Extracted material —
____

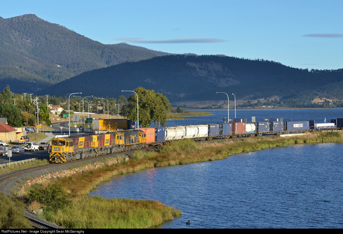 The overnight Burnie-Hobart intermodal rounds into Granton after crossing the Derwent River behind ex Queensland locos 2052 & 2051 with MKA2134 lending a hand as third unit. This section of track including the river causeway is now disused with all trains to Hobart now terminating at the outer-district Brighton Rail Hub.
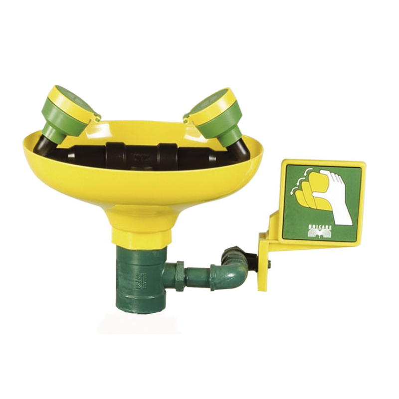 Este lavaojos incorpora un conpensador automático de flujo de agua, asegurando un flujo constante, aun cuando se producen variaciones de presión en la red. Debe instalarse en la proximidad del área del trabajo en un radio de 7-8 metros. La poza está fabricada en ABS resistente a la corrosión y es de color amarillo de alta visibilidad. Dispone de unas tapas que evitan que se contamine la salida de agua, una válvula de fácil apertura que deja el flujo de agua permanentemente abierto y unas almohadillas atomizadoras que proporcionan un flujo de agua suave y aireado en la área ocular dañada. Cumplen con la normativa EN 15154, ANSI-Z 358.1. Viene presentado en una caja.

____

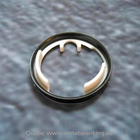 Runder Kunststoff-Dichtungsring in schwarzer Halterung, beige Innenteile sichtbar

____

What is needed —
Starting at the line containing "The overnight Burnie-Hobart" and stopping at the line containing "Este lavaojos incorpora", output every line above exactly, both ends included, with pictures omitted.

Answer space —
 The overnight Burnie-Hobart intermodal rounds into Granton after crossing the Derwent River behind ex Queensland locos 2052 & 2051 with MKA2134 lending a hand as third unit. This section of track including the river causeway is now disused with all trains to Hobart now terminating at the outer-district Brighton Rail Hub.
 Este lavaojos incorpora un conpensador automático de flujo de agua, asegurando un flujo constante, aun cuando se producen variaciones de presión en la red. Debe instalarse en la proximidad del área del trabajo en un radio de 7-8 metros. La poza está fabricada en ABS resistente a la corrosión y es de color amarillo de alta visibilidad. Dispone de unas tapas que evitan que se contamine la salida de agua, una válvula de fácil apertura que deja el flujo de agua permanentemente abierto y unas almohadillas atomizadoras que proporcionan un flujo de agua suave y aireado en la área ocular dañada. Cumplen con la normativa EN 15154, ANSI-Z 358.1. Viene presentado en una caja.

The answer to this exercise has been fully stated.